A cute article that puts a few things in perspective.
Organizations committed to educating the public about circ:
Stopcirc
NOCIRC
Mothers against Circ
CIRP
Intact
Circumstitions
Intactivist blog
Birightonwoman's thoughts on circumcision
Stories and quotes

5 comments:

Jenni said...

I was kinda freaked out to make my first intactivst post, but I'm so glad I did!!! Even one person convinced is one (or two, or ten) babies spared!
I think their are two main methods on this issue--people who go at it emotinally (most folks) and the ones who approach it with logic.

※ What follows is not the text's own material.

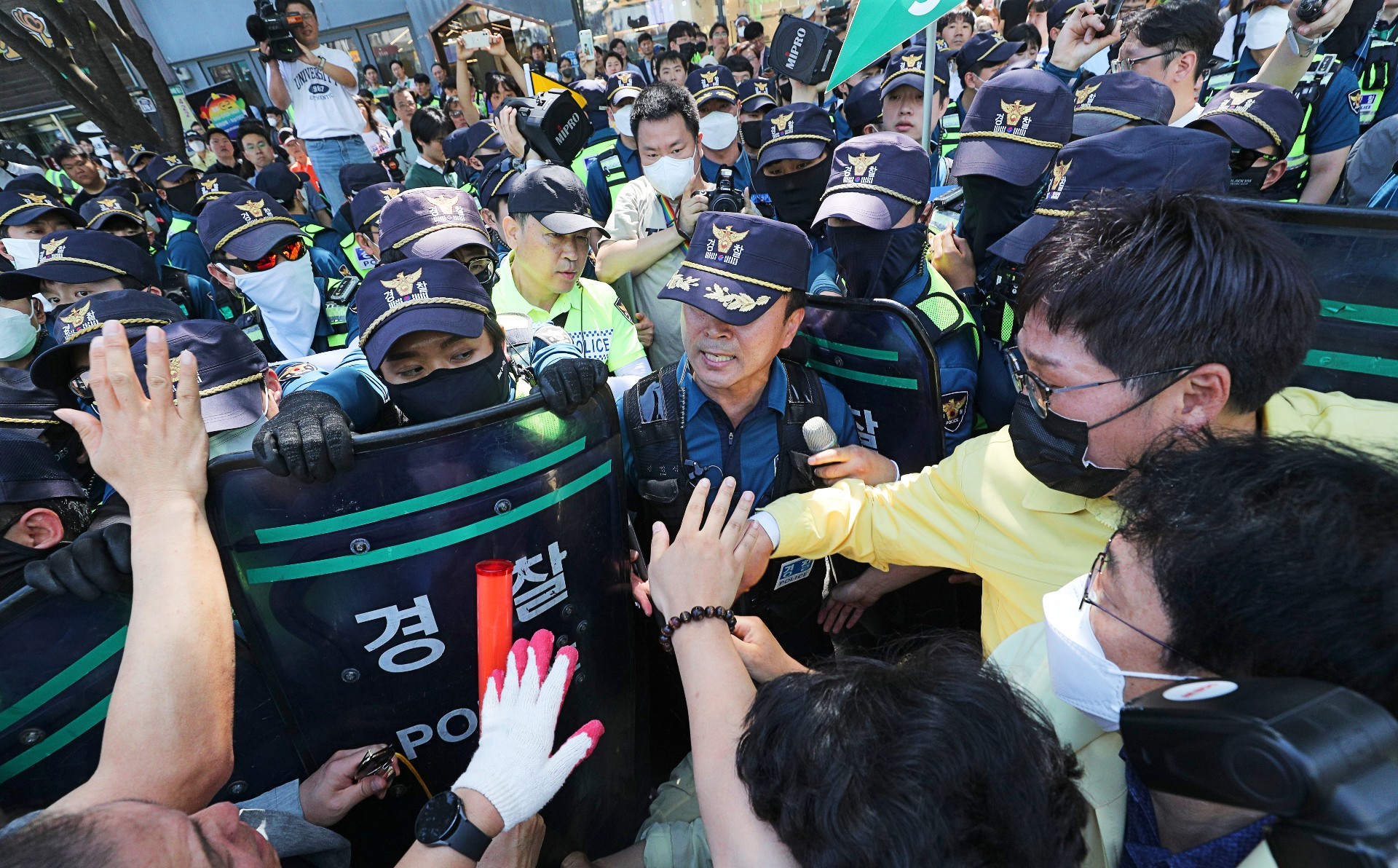 ๊ทธ์ œ ๋Œ€๊ตฌ์‹œ์—์„œ ํ€ด์–ด๋ฌธํ™”์ถ•์ œ๋ฅผ ๋‘๊ณ  ๊ฒฝ์ฐฐ๊ณผ ๋Œ€๊ตฌ์‹œ ๊ณต๋ฌด์›๋“ค์ด ์ถฉ๋Œํ–ˆ์ฃ . ํ™์ค€ํ‘œ ์‹œ์žฅ์ด ์žˆ๋Š” ๋Œ€๊ตฌ๋งŒ ์„ฑ์†Œ์ˆ˜์ž์— ๋ฐ•ํ•œ ๊ฑธ๊นŒ์š”? ์„œ์šธ์‹œ์™€ ์ธ์ฒœ์‹œ๋„ ๋น„์Šทํ•ฉ๋‹ˆ๋‹ค.

I had to do the logic route, because dh sees right through emotional arguments (ie, just because you have strong feelings doesn't make you right). I think both have their place, and you jus thave to know your audience.

MMMandM said...

we had m circ'd-- and I completely feel the same way that you do now.

I just wonder---- if this was the initial event that now makes him hysterical being around dr's or having something painful done to him? or was it when he had to have stitches in his knee when he was three? either way, he is 10 now, and he completely goes in another place (a hysterical place) whenever he is faced with something potentially painful.

so sad.

Elle R. said...

My first inkling that it might not be necessary was actually our dear family doctor saying as much. But I guess we figured we'd go with the status quo. It wasn't until I moved to Britain that I realized that, yes, the majority of the world gets along quite fine without this cultural quirk of a procedure. I completely regret it and it's frustrating that there's no way to unviolate J. I guess part of being a mother is knowing that some mistakes are written in indelible ink but it's possible to use that guilty energy to do something positive. Your post is doing just that, so thanks.

RasJane said...

Thanks for your kind comments. I was a little worried--but not too much. I am so sorry that I am not alone in this. How sad that there are so many parents with this sadness and guilt over something that could have been prevented with just more honesty from our dr's and family.
M, I wonder too. My M is terrified of being strapped down in any way. The first visit for cavities to the dentist was a nightmare.
And, I'm adding a link to Brightonwoman's posts on this topic.

Shallay said...

I am glad that you posted this. I met a woman the other day who didn't even know there was a choice. Her doctor told her they were going to do it and did it. I think that is so wrong. Word needs to be gotten out and I loved your links!